This is the same as what I said in the review process.
:-)

https://lore.kernel.org/linux-kbuild/CAK7LNASQPOGohtUyzBM6n54pzpLN35kDXC7VbvWzX8QWUmqq9g@mail.gmail.com/




>
> > I pointed out this flaw in the review process, but
> > it was dismissed.
> >
> > This is the main reason why I did not give any Ack
> > (but it was merged via Kees Cook's tree).
>
> > So, the help text of this option should be revised:
> >
> >           This option allows for unused exported symbols to be dropped from
> >           the build. In turn, this provides the compiler more opportunities
> >           (especially when using LTO) for optimizing the code and reducing
> >           binary size.  This might have some security advantages as well.
> >
> > Clang LTO is opposite to your expectation.
>
> Then Clang LTO is a misnomer. That is the option to revise not this one.
>
> > > Each EXPORT_SYMBOL() created a
> > > symbol dependency that prevented LTO from optimizing out the related
> > > code even though a tiny fraction of those exported symbols were needed.
> > >
> > > The idea behind the recursion was to catch those cases where disabling
> > > an exported symbol within a module would optimize out references to more
> > > exported symbols that, in turn, could be disabled and possibly trigger
> > > yet more code elimination. There is no way that can be achieved without
> > > extra compiler passes in a recursive manner.
> >
> > I do not understand.
> >
> > Modules are relocatable ELF.
> > Clang LTO cannot eliminate any code.
> > GCC LTO does not work with relocatable ELF
> > in the first place.
>
> I don't think I follow you here. What relocatable ELF has to do with LTO?



What is important is,
GCC LTO is the feature of gcc, not binutils.
That is, LD_FINAL is $(CC).

GCC LTO can be implemented for the final link stage
by using $(CC) as the linker driver.
Then, it can determine which code is unreachable.
In other words, GCC LTO works only when building
the final executable.


On the other hand, a relocatable ELF is created
by $(LD) -r by combining some objects together.
The relocatable ELF can be fed to another $(LD) -r,
or the final link stage.


vmlinux is an executable ELF.
modules (*.ko files) are relocatable ELFs.


You can confirm it easily
by using the 'file' command.

masahiro@oscar:~/ref/linux$ file vmlinux
vmlinux: ELF 64-bit LSB executable, x86-64, version 1 (SYSV),
statically linked,
BuildID[sha1]=ee0cef2ff3d9f490e0f5ee1d7e74b19aa167933b, not stripped
masahiro@oscar:~/ref/linux$ file  net/ipv4/netfilter/iptable_nat.ko
net/ipv4/netfilter/iptable_nat.ko: ELF 64-bit LSB relocatable, x86-64,
version 1 (SYSV),
BuildID[sha1]=4829e82f9b9e7fd65be3c19c1cf0e16a7ddf0967, not stripped



Modules are not filled with addresses yet
since we do not know which memory address
the module will be loaded to.
The addresses are resolved at modprobe time.
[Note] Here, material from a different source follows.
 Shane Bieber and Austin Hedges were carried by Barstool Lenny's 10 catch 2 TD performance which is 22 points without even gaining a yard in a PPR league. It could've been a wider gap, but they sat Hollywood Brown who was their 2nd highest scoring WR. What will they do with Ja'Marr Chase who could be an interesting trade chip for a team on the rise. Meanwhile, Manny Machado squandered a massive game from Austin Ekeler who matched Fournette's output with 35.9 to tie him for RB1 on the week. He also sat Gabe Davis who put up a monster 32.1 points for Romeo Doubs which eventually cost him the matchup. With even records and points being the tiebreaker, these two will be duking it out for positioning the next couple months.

As I said above, modules are created by $(LD) -r.
It is not possible to implement GCC LTO for modules.



In contrast, Clang LTO is the ability of $(LD).
So, it can be implemented for not only for executable ELFs,
but also for relocated ELFs.
The problem is Clang LTO cannot determine which code is
unreachable if it is implemented for a relocatable ELF,
since it is not a final image.

Did I answer your question?





> I've successfully used gcc LTO on the kernel quite a while ago.
>
> For a reference about binary size reduction with LTO and
> CONFIG_TRIM_UNUSED_KSYMS please read this article:
>
> https://lwn.net/Articles/746780/


Thanks for the great articles.

Just for curiosity, I think you used GCC LTO from
Andy's GitHub.


In the article, you took stm32_defconfig as an example,
but ARM does not select ARCH_SUPPORTS_LTO.

Did you add some local hacks to make LTO work
for ARM?

I tried the lto-5.8.1 branch, but
I did not even succeed in building x86 + LTO.






>
> Nicolas
Nicolas Pitre March 9, 2021, 4:49 p.m. UTC | #5
On Tue, 9 Mar 2021, Masahiro Yamada wrote:

> On Fri, Feb 26, 2021 at 4:24 AM Nicolas Pitre <nico@fluxnic.net> wrote:
> >
> > If CONFIG_TRIM_UNUSED_KSYMS is enabled then build time willincrease.
> > That comes with the feature.
> 
> This patch set intends to change this.
> TRIM_UNUSED_KSYMS will build without additional cost,
> like LD_DEAD_CODE_DATA_ELIMINATION.

OK... I do see how you're going about it.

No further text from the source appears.